DISPERSED POLYOXADIAZOLE MODIFIER FOR ANTIFRICTION PHENOLFORMALDEHYDE TEXTOLITES

  • Mariya O. Panova A.N. Nesmeyanov Institute of Organoelement Compounds of the RAS
  • Dmitriy I. Buyaev A.N. Nesmeyanov Institute of Organoelement Compounds of the RAS
  • Vera V. Shaposhnikova A.N. Nesmeyanov Institute of Organoelement Compounds of the RAS
Keywords: phenol-formaldehyde resin, polyoxadiazole fiber, modifier, friction coefficient, wear, polymer composite materials, X-ray photoelectron spectroscopy, scanning electron microscopy

Abstract

Antifriction polymer composite materials based on phenol-formaldehyde resole binders, reinforced with textile-combined polyoxadiazole and cellulose fibers, have high tribological and physical-mechanical properties.

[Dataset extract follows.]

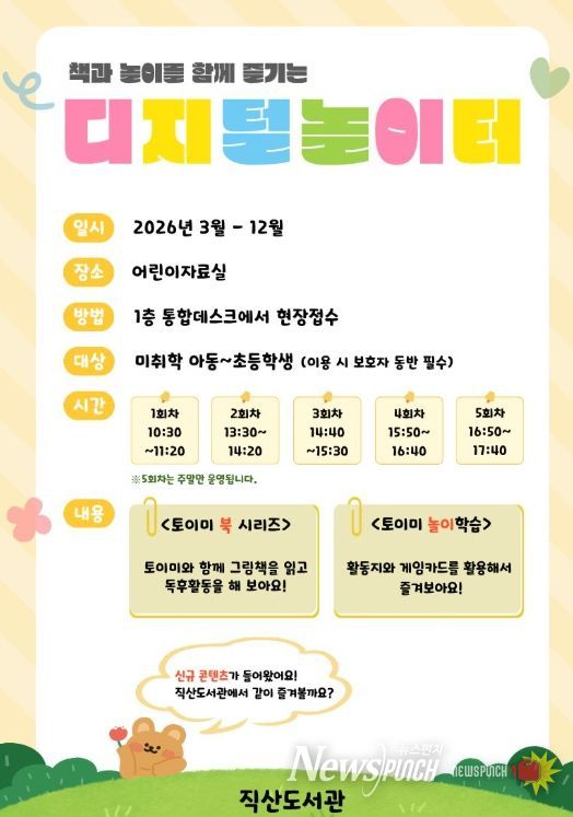 뉴스펀치 이현승 기자 | 천안시 직산도서관은 내달부터 디지털 놀이터를 확대 운영한다고 27일 밝혔다.

This opens up prospects for solving a wide range of problems in the design of friction units of machines and mechanisms with an extended service life.  However, when processing these materials into finished products, technological difficulties arise that limit their use. The use of a dispersed modifier simplifies the technology for producing polymer composite materials. By grinding polyoxadiazole fibers in a ball vibration mill, a new type of anti-friction dispersed modifier of phenol-formaldehyde binders was obtained. In accordance with the data of diffractometric analysis, when grinding polyoxadiazole fiber, there is a slight decrease in its crystallinity, which has virtually no effect on the physical and mechanical properties of the material. The resulting dispersed modifier is a mixture of short fragments of deformed polyoxadiazole filaments and flaky polyoxadiazole particles of irregular shape, the size of which reaches 200-250 µm. X-ray photoelectron spectroscopy data indicate an increase in the nitrogen content in the resulting powdered product compared to the original polyoxadiazole fiber. The introduction of a powdered polyoxadiazole modifier into a phenol-formaldehyde binder for cotton textolites ensured the production of self-lubricating wear-resistant antifriction polymer composite materials with good tribological properties. A decrease in the coefficient of friction, wear and temperature in the friction contact zone is observed (under conditions of dry friction on a steel counterbody). The samples of the studied materials with a small content of polyoxadiazole modifier (5% wt.) in the phenol-formaldehyde binder have the best tribological characteristics. The properties of the resulting materials are due to polymer composite materials reinforced with a fabric combination of fibers, polyoxadiazole and cellulose.

For citation:

Panova M.O., Buyaev D.I., Shaposhnikova V.V. Dispersed polyoxadiazole modifier for antifriction phenolformaldehyde textolites. ChemChemTech [Izv. Vyssh. Uchebn. Zaved. Khim. Khim. Tekhnol.]. 2024. V. 67. N 11. P. 79-85. DOI: 10.6060/ivkkt.20246711.7051.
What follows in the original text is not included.